Yes, antibody genesis is completely random, MHC’s just determine which peptides are presented. Help me a bit here - in RA, the target is the Fc portion of the IgG heavy chain (is it IgG subclass specific (e.g. 1,2,3,4), or is the binding domain conserved across classes, or does this vary? If you could selectively deplete a subclass of IgG’s, would that help, and is the distribution of IgG subclasses aberrant in RA?) Is the connection to joints related to deposition of the immune complex in the synovium? I have a lot to learn on RA. My philosophy in understanding ME has been to try to understand as much of every branch of medicine as I can get my head around - I don’t know where the key discovery will be. Is this an epitope mimicry issue in RA, where a particular peptide is presented by DR4, and if so has any such antigen been identified? I’m not aware of any particular illness being identified as preceding RA onset.
I am also not very attracted to the mitochondrial thesis. I think there may be some secondary mitochondrial dysfunction. There seems to be greater oxidative stress and lipid peroxidation - but I’m not so sure this is at the root. I’ve read Dr. Pall’s work, and while I think there is some merit in the idea of increased oxidative stress, I am not really convinced that, in itself, can create a self perpetuating loop - why doesn’t it just calm down on its own? So, again, I think it’s a piece of the puzzle, but I have questions about whether there can be a self-perpetuating cycle solely based on NO/ONOO-.
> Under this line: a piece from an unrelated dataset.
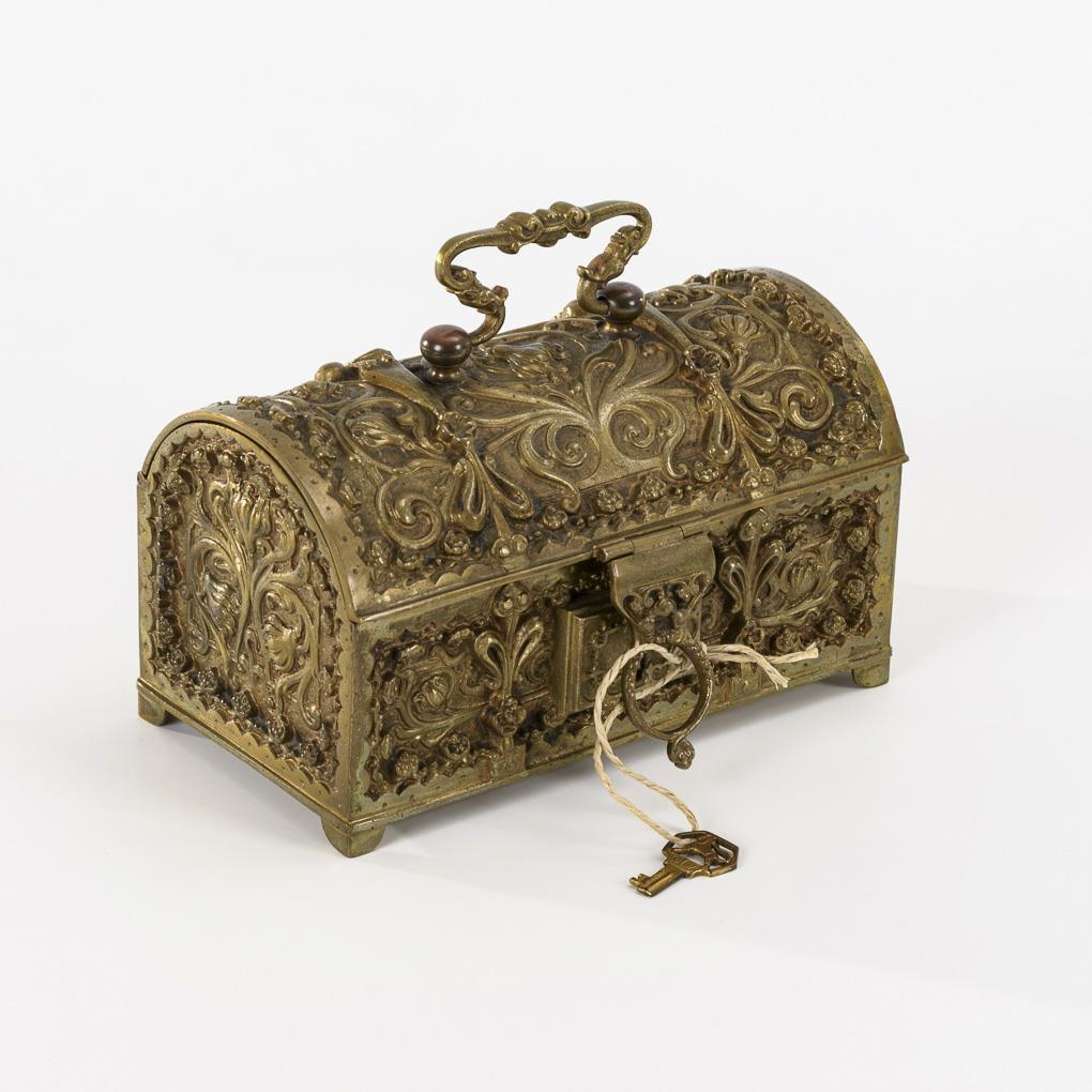 Rich relief ornamentation on all sides as well as hasp on lock and hinged carrying handle.

The biggest issue for me with the rheum approach is that we cannot find any evidence of inflammation. I don’t know of any autoimmune or auto inflammatory disease where this is the case (MS perhaps - many cases do not show evidence of inflammation - perhaps because of the BBB?). Perhaps my bias is my own illness. Maybe I am in a subtype that does not have inflammatory markers, but for a long time, many ME clinicians have insisted that sed rates are VERY low in their patients, and that they consider it their most replicable finding.
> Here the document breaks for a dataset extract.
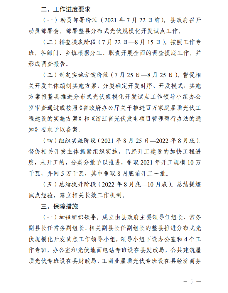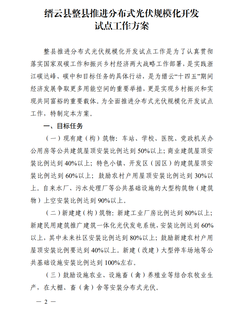 日前,縉云縣人民政府辦公室發(fā)布關(guān)于印發(fā)《縉云縣整縣推進(jìn)分布式光伏規(guī)模化開(kāi)發(fā)試點(diǎn)工作方案》《縉云縣分布式光伏資源調(diào)查摸底工作方案》的通知。通知明確,縉云縣整縣推進(jìn)分布式光伏規(guī)?;_(kāi)發(fā)試點(diǎn)工作目標(biāo)任務(wù)為:

You may very well turn out to be right on T-cell subsets. We’ll have to wait for science to work through these issues. It remains a theory - whether it stands the test of time we won’t know for a while.
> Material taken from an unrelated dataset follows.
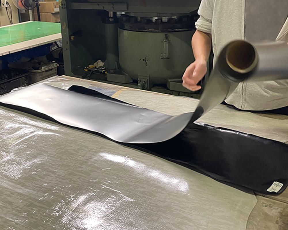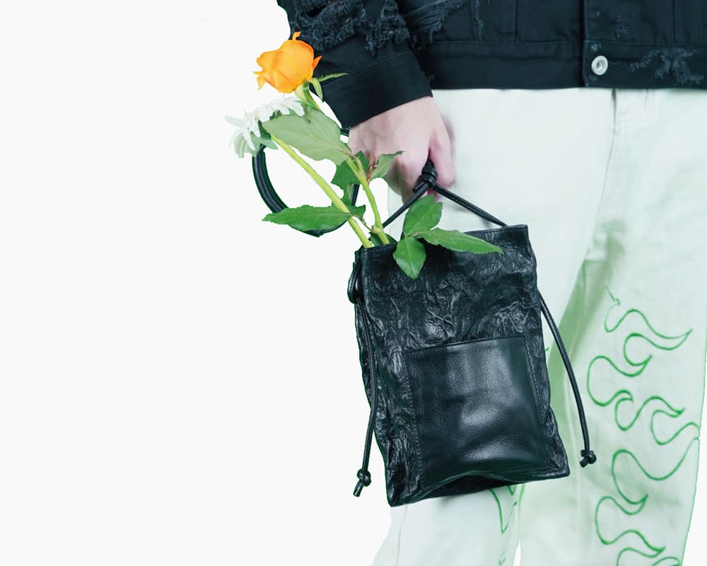 ファッション学生の自由な発想はデザインはもちろん、このプロジェクトの中枢であるレザーによく現れています。それはレザーに異素材の「アルミ」をボンディングしたハイブリッド素材の採用。ボンディングすることでレザーのキズやシミが馴染み、アルミの形状記憶性によりテクスチャー感ある素材が出来上がりました。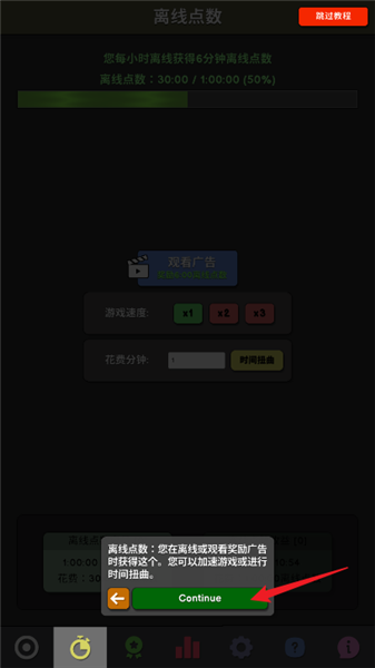 5、离线点数:您在离线或观看奖励广告时获得这个。您可以加速游戏或进行时间扭曲。

Interesting regarding the macrophages and TNF, and good to know. Suggests strongly it’s a local phenomenon - and serum levels aren’t as likely to be useful. Signaling is more paracrine than endocrine. TNF seems likely to be far down the chain, a reactive phenomenon. I understand your point about T-cells being normal and still potentially contributing to the problem - the t-cells themselves are reacting as they should given the stimuli they are receiving, but the stimuli are aberrant. If that’s true, T-cells could be a target, but wouldn’t be the best one, as they are downstream of the root cause. i found a ton of links on treg/th17 balance in RA from a quick pubmed search, but I can’t speak to the quality and I did not go through them in detail.
The seronegative auto inflammatory diseases are interesting to me. I seem to have every conceivable risk factor on genetic screens - but I don’t have the actual illnesses. Is it possible ME is some sort of an auto inflammatory condition? Also, is it possible that this is more common in men? Many auto inflammatory diseases seem to show male predominance, whereas most antibody-mediated autoimmune diseases show a strong female predominance. Dr. Kerr’s work showed some subtypes that were female or male dominated. Is ME different in men and women, and what does this tell us from what we know of well characterized diseases?
I have seen a few small studies on HLA’s in ME patients, and there does not seem to be an overrepresentation of B27. Some MHC II’s were overrepresented I think. This seems like it might be an interesting place to look with some larger, higher powered studies.